STUDY MATERIAL >>
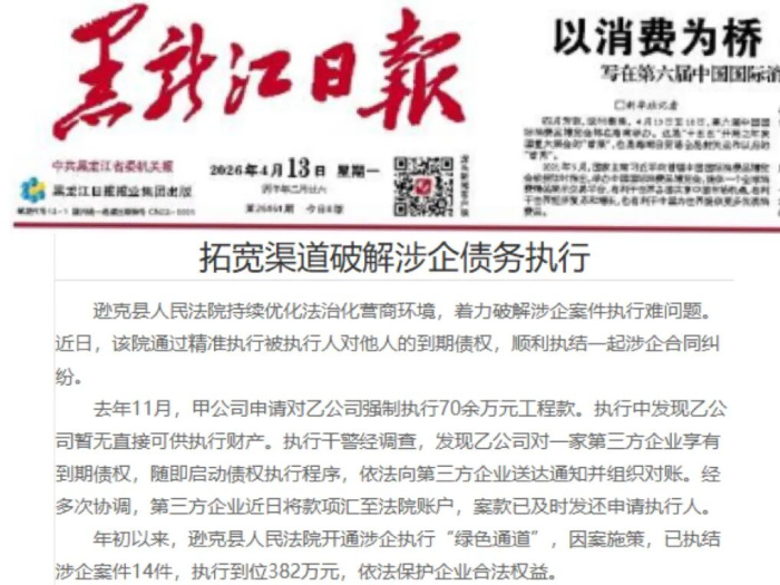 逊克县人民法院持续优化法治化营商环境,着力破解涉企案件执行难问题。近日,该院通过精准执行被执行人对他人的到期债权,顺利执结一起涉企合同纠纷。
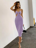 للنساء - فستان كامي بحاشية مقسمة
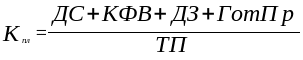 Коэффициент промежуточной ликвидности — это способность предприятия выполнять краткосрочные обязательства за счет денежных средств, краткосрочных финансовых вложений, дебиторской задолженности (счета к получению) (ДЗ) и готовой продукции на складе (ГотПр)
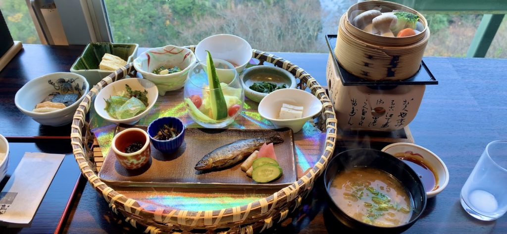 朝餉。昨日の夕食がとてもおいしかったから。朝も和食にして正解だなと、しみじみ思う。う〜む。味噌汁を1口飲んだ瞬間から。昨日のあの出汁が蘇る。山の中の食材ばかり。こういうのもたまにはいいな。
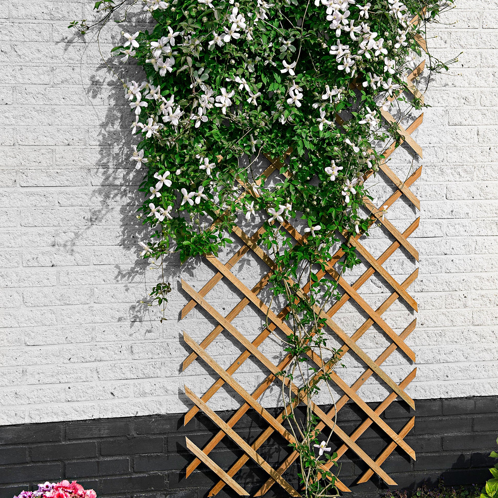 Adjustable wooden trellis. This accordian system makes it possible to adjust the width (or height) of this climbing frame. Perfect for covering a wall, and/or supporting climbing plants. Easily used and easily mounted.
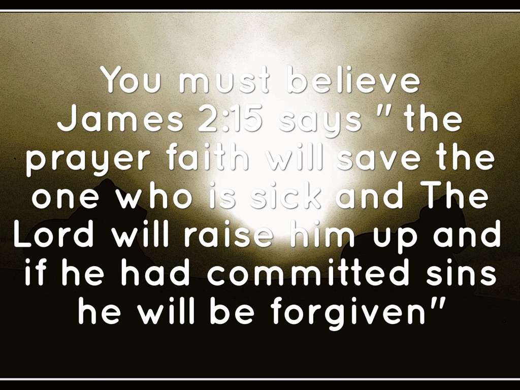 You must believe James 2:15 says " the prayer faith will save the one who is sick and The Lord will raise him up and if he had committed sins he will be forgiven"
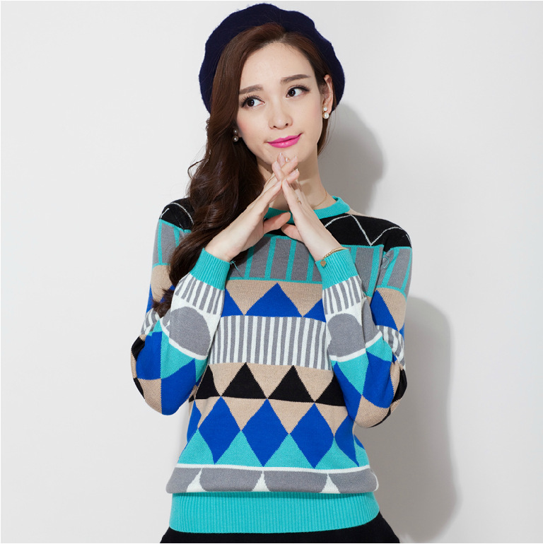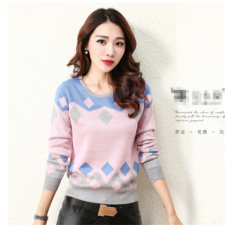 秋裝新款幾何圖案套頭女毛衣加厚款圓領(lǐng)寬松打底針織衫外套批發(fā) /
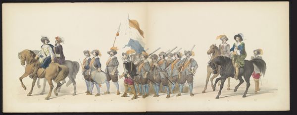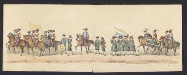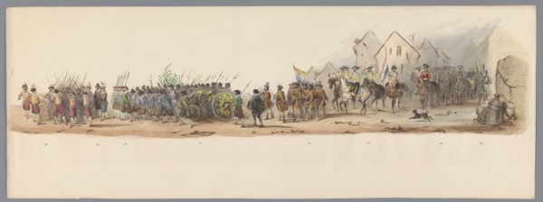 Victor Adam created this watercolor in 1836, commemorating the second centenary of Utrecht University. Adam used watercolor, a medium known for its translucency and fluidity, to depict the historical procession. The thin washes of color create a sense of light and airiness, perfectly capturing the spectacle of the event. You can almost feel the bustling energy of the crowd and the crispness of the air. The artist’s technique, with its delicate brushstrokes, highlights the grandeur of the procession while also reminding us of the labor and skill involved in its creation. Note the intricate details of the costumes and banners. The production of these elements would have involved tailors, seamstresses, and flag makers. The act of representing the parade through watercolor elevates this event beyond a simple historical record, inviting us to consider the connections between labor, social class, and artistic representation. This piece bridges the gap between the fine arts and the craftsmanship inherent in creating public spectacle.
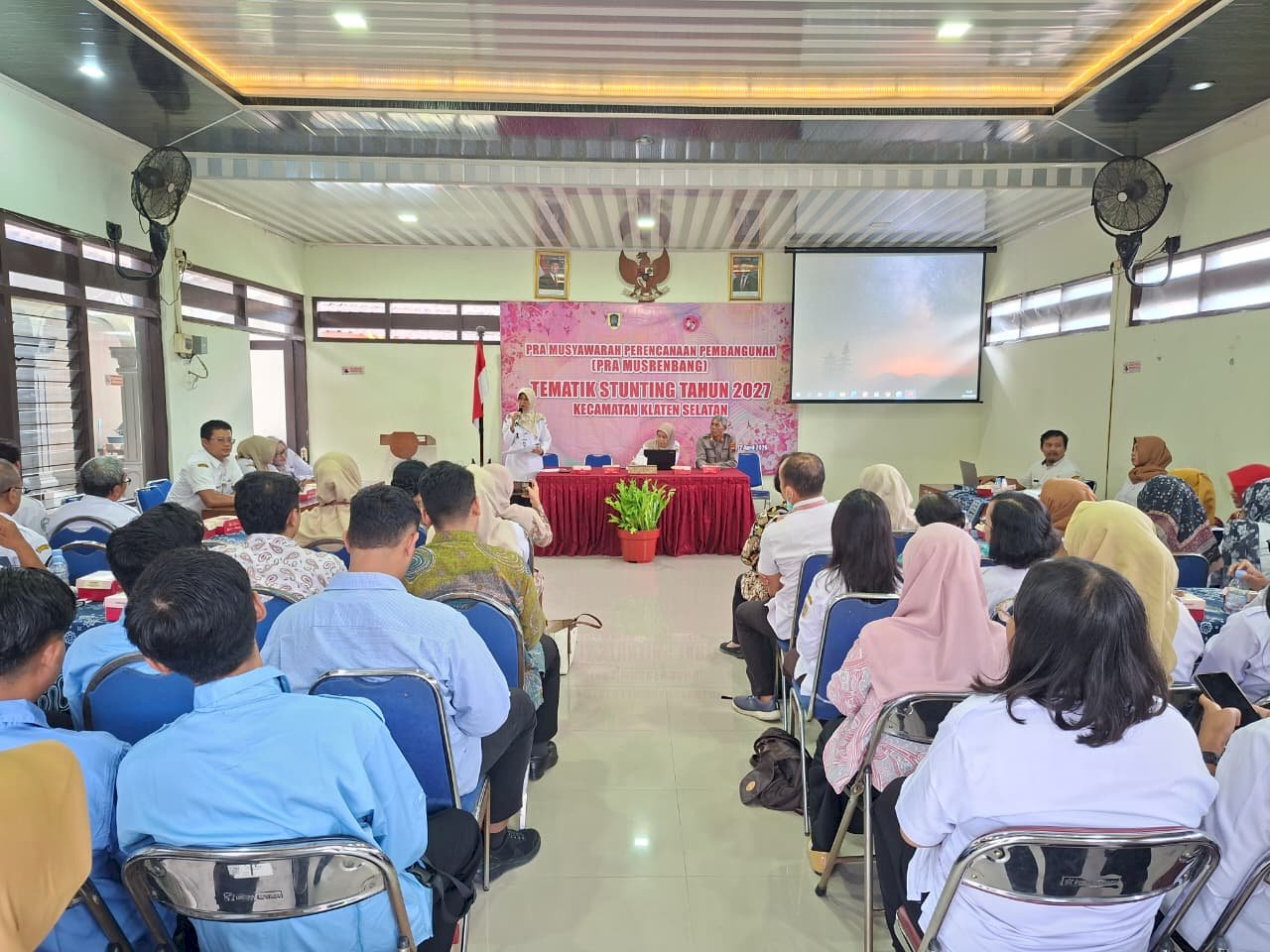 Klaten Selatan — Rabu, 22 April 2025, Aula Kecamatan Klaten Selatan menjadi lokasi pelaksanaan Pra Musyawarah Perencanaan Pembangunan (Pra Musrenbang) Tematik Stunting Tahun 2027. Kegiatan ini merupakan forum awal musyawarah untuk menyusun rencana program percepatan penurunan stunting secara terintegrasi, dengan fokus pada penyatuan data serta penguatan kolaborasi lintas sektor.
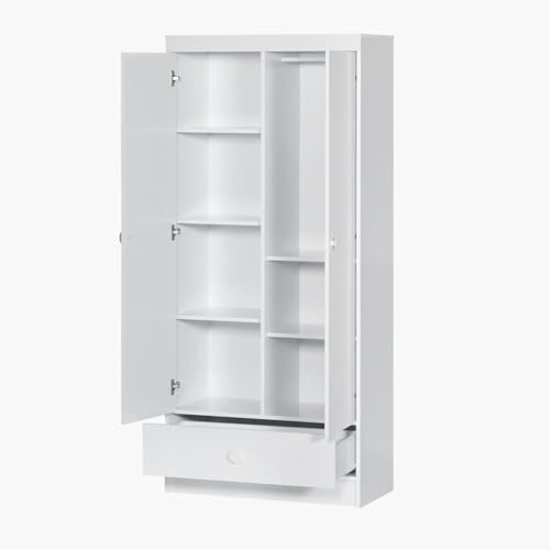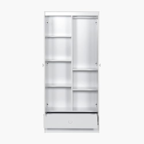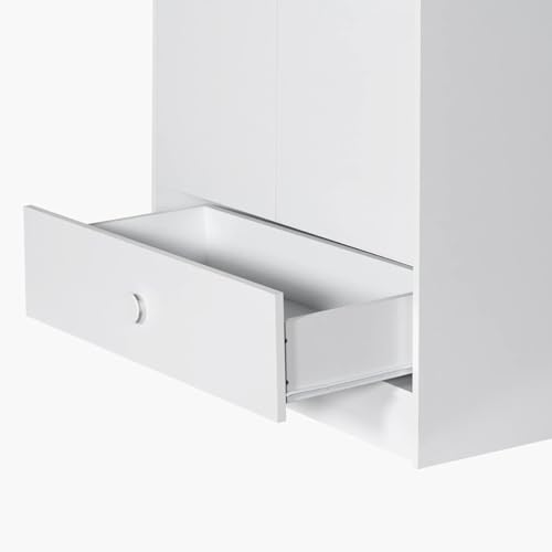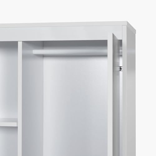 - يتميز دولاب الملابس ذو البابين بخشب هندسي ولمسة نهائية من القشرة، مما يعزز جاذبيته العامة. يحتوي دولاب الملابس الكلاسيكي هذا على درج واحد ومساحة واسعة لتخزين احتياجاتك. يمكنك تنظيف دولاب الملابس المتين بمسحه بانتظام للحفاظ عليه.

TASK INSTRUCTIONS >>
Repeat the data exactly in full, omitting its pictures.

RESULT >>
 逊克县人民法院持续优化法治化营商环境,着力破解涉企案件执行难问题。近日,该院通过精准执行被执行人对他人的到期债权,顺利执结一起涉企合同纠纷。
 للنساء - فستان كامي بحاشية مقسمة
 Коэффициент промежуточной ликвидности — это способность предприятия выполнять краткосрочные обязательства за счет денежных средств, краткосрочных финансовых вложений, дебиторской задолженности (счета к получению) (ДЗ) и готовой продукции на складе (ГотПр)
 朝餉。昨日の夕食がとてもおいしかったから。朝も和食にして正解だなと、しみじみ思う。う〜む。味噌汁を1口飲んだ瞬間から。昨日のあの出汁が蘇る。山の中の食材ばかり。こういうのもたまにはいいな。
 Adjustable wooden trellis. This accordian system makes it possible to adjust the width (or height) of this climbing frame. Perfect for covering a wall, and/or supporting climbing plants. Easily used and easily mounted.
 You must believe James 2:15 says " the prayer faith will save the one who is sick and The Lord will raise him up and if he had committed sins he will be forgiven"
 秋裝新款幾何圖案套頭女毛衣加厚款圓領(lǐng)寬松打底針織衫外套批發(fā) /
 Victor Adam created this watercolor in 1836, commemorating the second centenary of Utrecht University. Adam used watercolor, a medium known for its translucency and fluidity, to depict the historical procession. The thin washes of color create a sense of light and airiness, perfectly capturing the spectacle of the event. You can almost feel the bustling energy of the crowd and the crispness of the air. The artist’s technique, with its delicate brushstrokes, highlights the grandeur of the procession while also reminding us of the labor and skill involved in its creation. Note the intricate details of the costumes and banners. The production of these elements would have involved tailors, seamstresses, and flag makers. The act of representing the parade through watercolor elevates this event beyond a simple historical record, inviting us to consider the connections between labor, social class, and artistic representation. This piece bridges the gap between the fine arts and the craftsmanship inherent in creating public spectacle.
 Klaten Selatan — Rabu, 22 April 2025, Aula Kecamatan Klaten Selatan menjadi lokasi pelaksanaan Pra Musyawarah Perencanaan Pembangunan (Pra Musrenbang) Tematik Stunting Tahun 2027. Kegiatan ini merupakan forum awal musyawarah untuk menyusun rencana program percepatan penurunan stunting secara terintegrasi, dengan fokus pada penyatuan data serta penguatan kolaborasi lintas sektor.
 - يتميز دولاب الملابس ذو البابين بخشب هندسي ولمسة نهائية من القشرة، مما يعزز جاذبيته العامة. يحتوي دولاب الملابس الكلاسيكي هذا على درج واحد ومساحة واسعة لتخزين احتياجاتك. يمكنك تنظيف دولاب الملابس المتين بمسحه بانتظام للحفاظ عليه.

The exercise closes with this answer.